PENERAPAN Kawasan Perdagangan Bebas (FTZ) di Batam dinilai tertinggal jauh dari negara lain yang menerapkan kebijakan serupa.
Hal itu bisa dilihat infrastruktur seperti jalan raya dan pelabuhan transshipment belum optimal.
Peneliti Institute for Development of Economics & Finance (Indef), Ahmad Heri Firdaus menilai Batam perlu meningkatkan competitive edge agar bisa bersaing dengan negara lain.
“Dengan status Batam sebagai FTZ, maka kondisi infrastruktur tersebut masih sangat kurang untuk menunjang kegiatan ekonomi di Batam,” ujar Ahmad pada seminar nasional yang diprakarsai Kamar Dagang Industri (Kadin) Kota Batam beserta mahasiswa se-Kota Batam di Radisson Hotel, Batam, Sabtu (10/11/2018).
Ahmad merujuk pada data tahun 2014 yang dimiliki oleh Dinas Pekerjaan Umum Batam mengenai infrastruktur jalan di Batam.
Dalam data tersebut tercatat sebanyak 80,49 persen sudah berupa jalan aspal, 14,04 persen masih berupa kerikil dan 5,47 persen jalan tanah atau belum tembus.
Dilihat dari kondisi jalan, sebanyak 66,66 persen dalam keadaan baik.
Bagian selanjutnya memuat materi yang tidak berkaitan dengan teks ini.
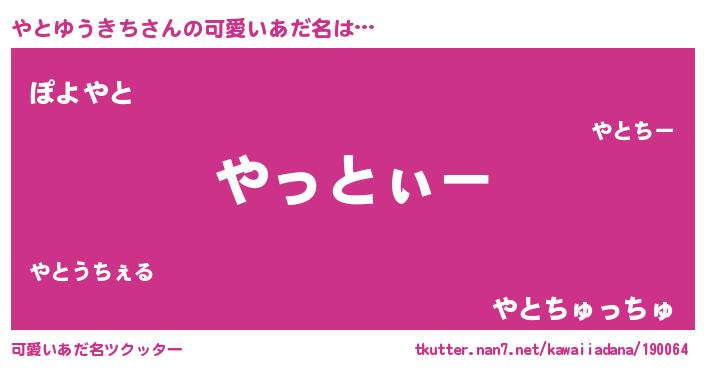 | ポケモン風あだ名 | 『ヒヤトユウキチ』『ヤートイ』 |
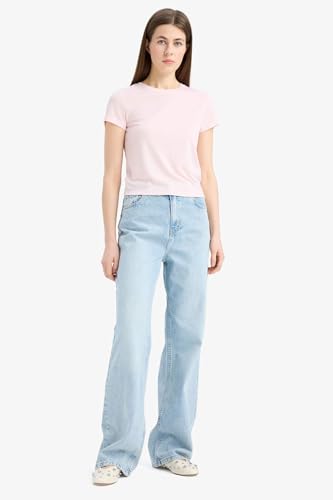 DeFacto - تي شيرت قصير الأكمام محبوك بأكمام قصيرة ورقبة دراجة للنساء الشابات من ديفاكتو (عبوة من قطعة واحدة)

Sementara 9,32 persen jalan kota ini dalam keadaan sedang. Kemudian 9,72 persen rusak ringan serta 14,03 persen rusak berat.
“Ini perlu segera dibenahi,” ujar dia.
Dasar hukum dari implementasi FTZ di Batam juga jadi sorotannya. Menurutnya, peraturan turunan yang merupakan amanat dari Undang-Undang Kawasan Perdagangan Bebas dan Pelabuhan Bebas tidak didesain secara harmonis.
Katanya, ada ketidaksinkronan pada peraturan turunan tersebut, contohnya Peraturan Pemerintah No 10 Tahun 2012 tentang tentang Perlakuan Kepabeanan, Perpajakan, dan Cukai serta Tata Laksana Pemasukan dan Pengeluaran Barang ke dan dari serta Berada di Kawasan yang Telah Ditetapkan Sebagai Kawasan Perdagangan Bebas dan Pelabuhan Bebas.
“Dalam pasal 4 PP tersebut dijelaskan bahwa seolah-olah kawasan bebas adalah ke luar negeri sehingga jika akan memasukan barang harus sesuai dengan UU FTZ. Kemudian dalam pasal 6-7 PP tersebut yang menghendaki adanya pemeriksaan fisik terhadap keluar masuk barang dari dan atau ke kawasan bebas,” ujar dia.
Kemudian pada pasal 14-22 yang berkaitan dengan keluar masuk barang yang saling bertolak belakang dengan ketentuan FTZ. Beberapa poin tersebut, jelas tidak harmonis dengan Undang-undang No 44 Tahun 2007.
Peneliti Indef ini juga menyampaikan implementasi FTZ di Batam juga memerlukan harmonisasi kelembagaan.
“Harmonisasi kelembagaan di Batam, sangat diperlukan untuk mempercepat pembangunan infrastruktur yang mendukung efektivitas dan efisiensi kawasan Batam, utamanya pembangunan pelabuhan transshipment,” sebut Ahmad.
Seminar nasional bertema Masa Depan Batam ini digelar sebagai upaya untuk menjawab keresahan sejumlah pihak yang merasakan menurunnya ekonomi kota industri ini.